If you ask me, that's a point for Flat Earth right there. Scripture can't err. Any cosmology which tends to erode confidence and faith in the Scriptures (Word of God) has to be from the devil.
Some say "who cares? It doesn't matter!" but right here you're proving just how much it DOES matter. Someone believing in Flat Earth would (according to you) be much more comfortable with Scripture on this specific point.
Which will help you save your soul: having tons of doubts about God, religion, and Scripture -- or the opposite?
Thank you. Scripture is inerrant. Period. Catholics believe that the Holy Ghost is the PRIMARY author of the Sacred Scripture, and that the human authors are instrumental authors. In other words, they were the pens held by the Holy Ghost to write the Scriptures. Now, there's an interesting dynamic between their intellects, etc., but there isn't a single word in Sacred Scripture that wasn't intended to be there by the Holy Ghost.
Scripture's inerrancy is not limited to the "spiritual" content as a few here have implied.
That is why St. Robert Bellarmine and the Holy Office condemned heliocentrism as HERETICAL. He clearly stated that even if it's not a matter of faith in and of itself, it's a matter of faith due to the fact that it was taught by Sacred Scripture and therefore would impugn the inerrancy of Sacred Scripture.

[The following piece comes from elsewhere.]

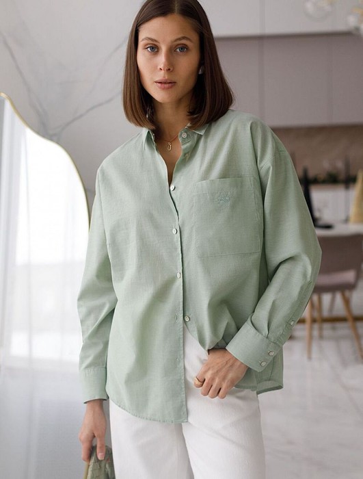 Свободная блузка светло-оливкового цвета с отложным воротником из хлопка станет отличным выбором для тех, кто ценит комфорт и стиль. Благодаря натуральной ткани, блузка приятная к телу и подходит для ежедневной носки. Материал — 100% хлопок — гарантирует хорошую воздухопроницаемость и ощущение свежести даже в жаркие дни. Удлиненный крой создает современный силуэт, который отлично смотрится в повседневных образах. Базовая модель легко впишется в любой гардероб и станет универсальным решением для самых разных случаев.Ткань держит форму после стирки, что делает уход за вещью простым и удобным. Карман на груди добавляет функциональности и делает образ более интересным. Натуральная структура материала не раздражает кожу, а сама блузка освежает внешний вид благодаря своему лаконичному дизайну и приятной расцветке.

Now, certain things could be metaphors. So, for instance, the Holy Office said it was permissible to hold that creation took longer than 6 calendar days because the sun and moon weren't created until day 4. So perhaps day is a metaphor for period of activity vs. night being a period of inactivity. But that's about as far as it goes. St. Augustine points out that the tone and intent of Genesis is clearly historical in nature and not some kind of poem or parable, etc. And this is what all the Church Fathers held. So we are bound to treat it that way. As St. Robert Bellarmine pointed out, Trent teaches that we must accept the unanimous consensus of the Church Fathers as the authoritative interpretation of Sacred Scripture.
There's no way to "metaphor" your way out of the fact that man was created roughly 6,000 years ago. I've asked the globe earthers whether they believed this. I don't recall seeing a response (but then I haven't looked at every response in this thread). In fact, right after I asked that, one of the globers dropped off the thread. Was man created from the clay/dust of the earth or from a monkey? There's no way to turn "clay of the earth" into a metaphor for "monkey". You could say that earth is a metaphor for matter in general, but there's no way to make it a metaphor for a monkey. [Sorry, Pope Pius XII, you made a tragic error by allowing Catholics to consider that.]
One could argue that some of the passages which suggest a flat earth are metaphors. And some of the Church Fathers did. But some didn't. So one doesn't have to believe in flat earth as a matter of faith, since we don't have a consensus of the Church Fathers. But it's very obvious to me that Sacred Scripture taught that there was a SOLID firmament above the earth. In one passage in Job, it's described as being "hard like brass" (I think some translations say glass). Not sure how to turn that into a metaphor for the thermosphere or ionosphere.